[Start of Attachment]

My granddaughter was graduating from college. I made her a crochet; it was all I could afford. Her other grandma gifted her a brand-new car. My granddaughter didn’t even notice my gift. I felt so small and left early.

[End of Attachment]
[Start of Attachment]

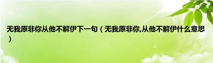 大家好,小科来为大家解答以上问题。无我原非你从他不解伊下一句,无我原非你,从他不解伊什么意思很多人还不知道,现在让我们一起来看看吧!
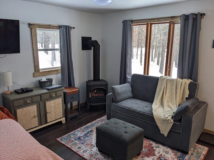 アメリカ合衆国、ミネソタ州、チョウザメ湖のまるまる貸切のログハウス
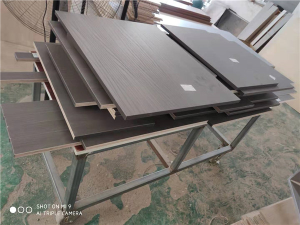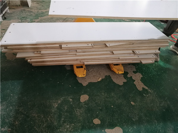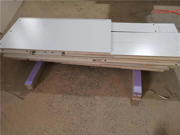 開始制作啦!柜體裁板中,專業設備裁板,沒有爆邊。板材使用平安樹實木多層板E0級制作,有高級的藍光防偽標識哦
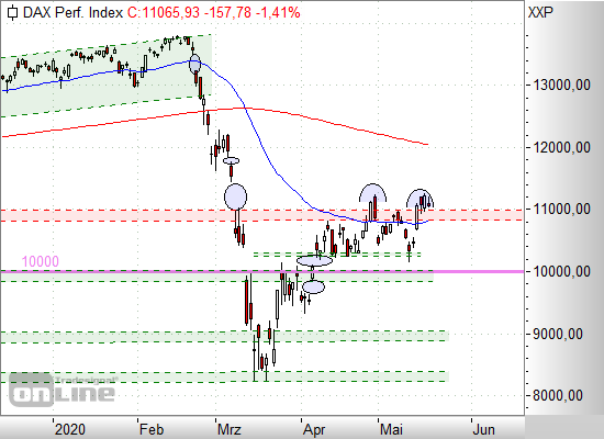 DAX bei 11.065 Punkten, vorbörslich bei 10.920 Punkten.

[End of Attachment]
[Start of Attachment]

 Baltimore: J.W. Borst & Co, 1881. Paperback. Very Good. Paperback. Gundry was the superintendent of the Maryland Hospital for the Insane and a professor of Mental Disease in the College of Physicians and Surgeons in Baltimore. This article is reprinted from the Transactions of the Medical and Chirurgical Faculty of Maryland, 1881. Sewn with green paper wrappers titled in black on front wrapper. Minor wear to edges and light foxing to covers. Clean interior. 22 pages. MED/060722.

[End of Attachment]

▶ [Your task]: Keep only those lines of the records that hold "from", and return them.

▶ [Answer to the exercise]:
My granddaughter was graduating from college. I made her a crochet; it was all I could afford. Her other grandma gifted her a brand-new car. My granddaughter didn’t even notice my gift. I felt so small and left early.
 Baltimore: J.W. Borst & Co, 1881. Paperback. Very Good. Paperback. Gundry was the superintendent of the Maryland Hospital for the Insane and a professor of Mental Disease in the College of Physicians and Surgeons in Baltimore. This article is reprinted from the Transactions of the Medical and Chirurgical Faculty of Maryland, 1881. Sewn with green paper wrappers titled in black on front wrapper. Minor wear to edges and light foxing to covers. Clean interior. 22 pages. MED/060722.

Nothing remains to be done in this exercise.